Le rôle du dialogue politique libyen conserve son importance, a-t-il estimé.  Bien qu’il y ait des divergences, c’est la seule façon d’avancer dans la transition.   « Il n’y a pas d’alternative », a-t-il insisté. 

L’appui au Conseil de la présidence doit se refléter dans la pratique sur le terrain.  Il ne doit pas y avoir d’institutions parallèles libyennes en dehors du Gouvernement d’entente nationale et « il ne faut pas leur dérouler le tapis rouge ».  Tous les membres du Conseil de la présidence doivent se mettre d’accord sur une nouvelle liste et, notamment, réserver 30% des postes à des femmes.  À cet égard, M. Kobler a appelé de ses vœux la présence d’observateurs libyens et internationaux.  

Sur la question de la réconciliation nationale, le Représentant spécial a indiqué que la Mission d'appui des Nations Unies en Libye (MANUL) avait lancé, le 31 août, un cycle de discussion pour « aider les Libyens à trouver en eux-mêmes la volonté de pardonner et de surmonter le passé, et de bâtir un avenir ensemble ». 

En Libye, 70% de la population est âgée de moins de 35 ans et la fuite des cerveaux constitue un problème très grave pour la Libye.  

Enfin, M. Kobler a parlé de la situation économique.  « Nos efforts ne seront couronnés de succès que si les Libyens traitent de la crise économique croissante », a-t-il souligné.  « Le pays est au bord du gouffre. »

La production pétrolière est à son point le plus bas, avec seulement 200 000 barils par jour, comparé à 1,4 million avant la révolution.  Le pays enregistre un déficit budgétaire de 75%.

La Libye ne pourra pas dépendre longtemps de ses réserves étrangères, a averti le Représentant spécial.  « L’économie de guerre doit devenir une économie de paix », a-t-il continué.  Il est indispensable de rouvrir les oléoducs.

Constant que les divisions politiques s’approfondissaient plus que jamais, il a jugé qu’une action forte était nécessaire pour convaincre les parties prenantes libyennes d’instaurer des institutions ouvertes et participatives.

En conclusion, M. Kobler a dit attendre avec intérêt la réunion ministérielle sur la Libye, qui se tiendra le 22 septembre prochain, en marge de l’Assemblée générale.
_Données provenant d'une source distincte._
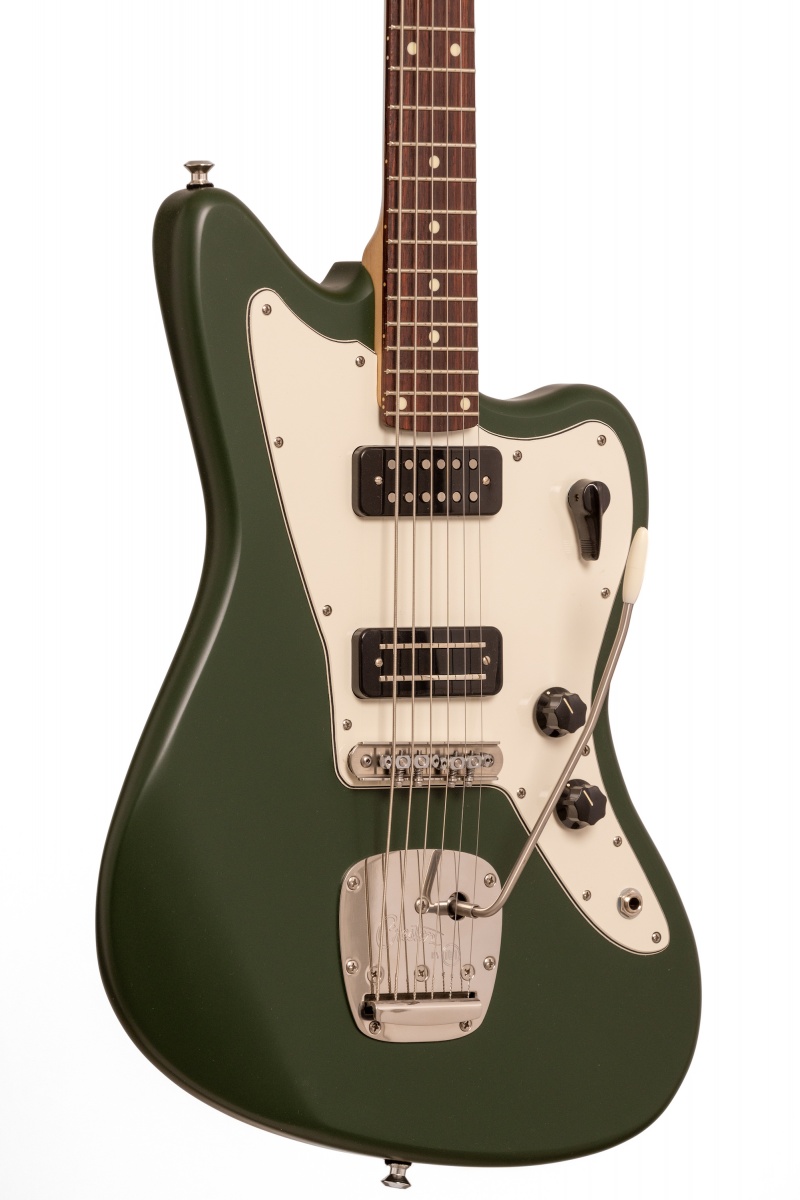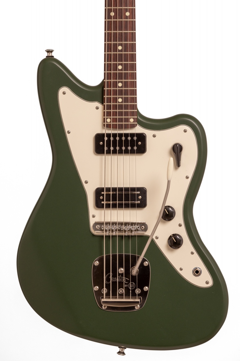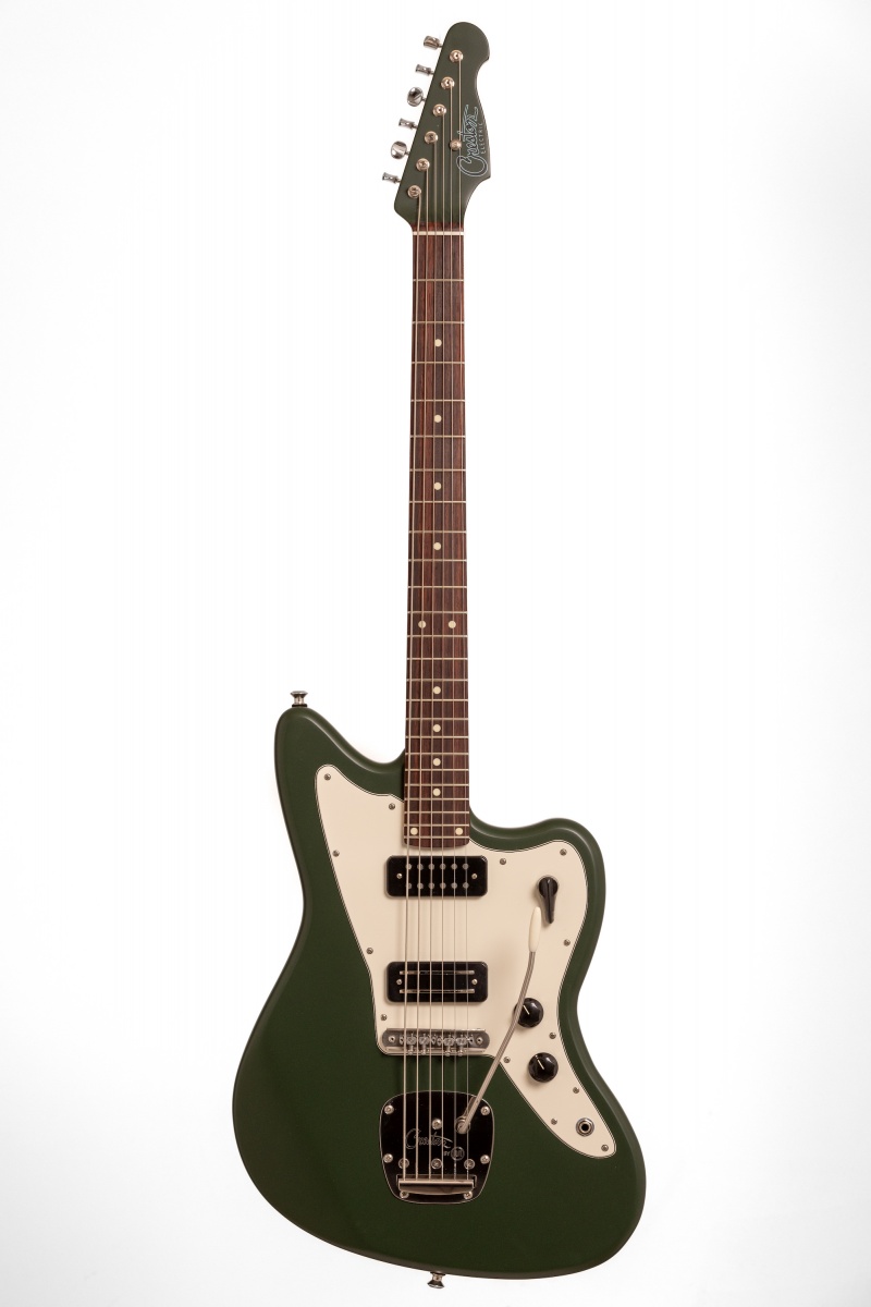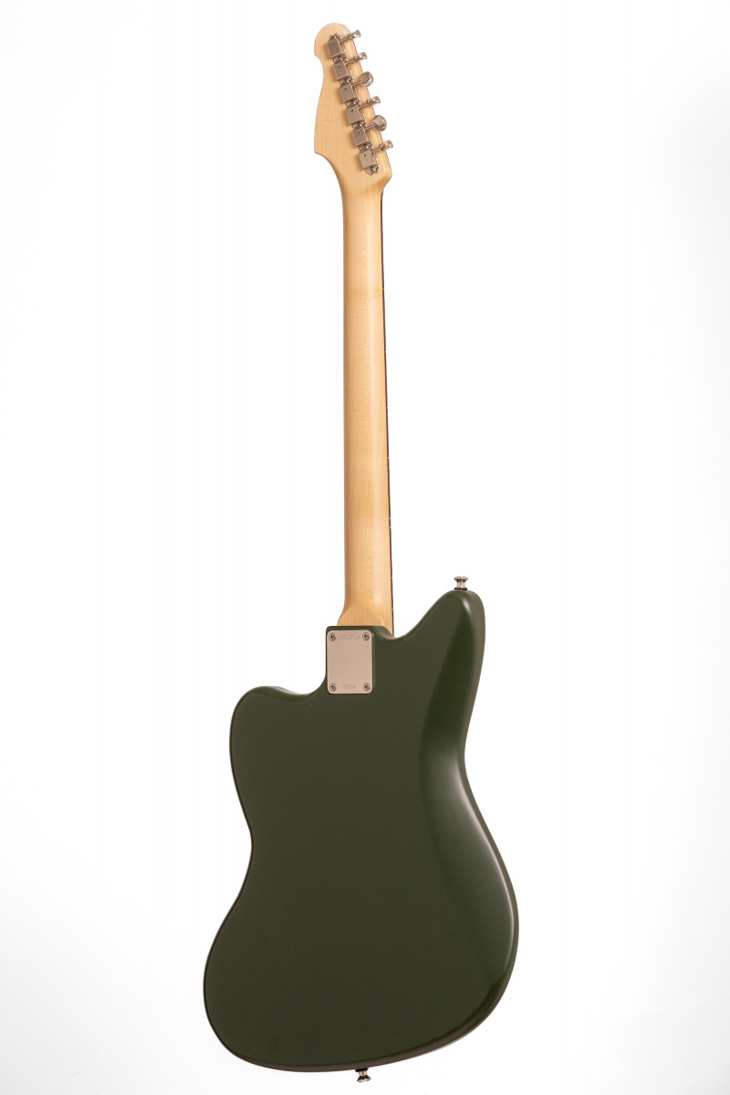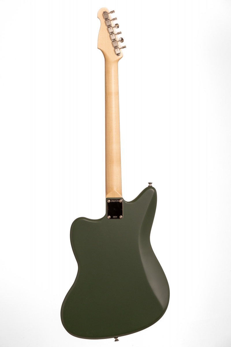 Tom Sutton's baritone: 24-fret 26'3/4" scale, torrefied white pine body, quartersawn maple / Indian rosewood neck, Mastery bridge and vibrato, TV Jones MagnaTron and SuperTron pickups, pickup bend control, matte lacquer.

M. Ramlan Bin Ibrahim, de la Malaisie, est revenu sur les travaux du Comité du Conseil de sécurité établi par la résolution 1970 (2011) concernant la Libye, couvrant la période allant du 7 juin au 14 septembre, notamment la notification déposée au Comité par le Secrétaire général adjoint aux affaires économiques concernant l’embargo sur les armes et sur laquelle le Conseil n’a pas pris de « décision négative », le 15 juin 2016. 

Le 23 août, le Comité a approuvé la demande d’extension de l’exemption d’interdiction de voyager pour six mois supplémentaires.  Le Comité a également reçu, le 29 août, une notification concernant les mesures gel des avoirs et restrictions commerciales sans faire d’objection.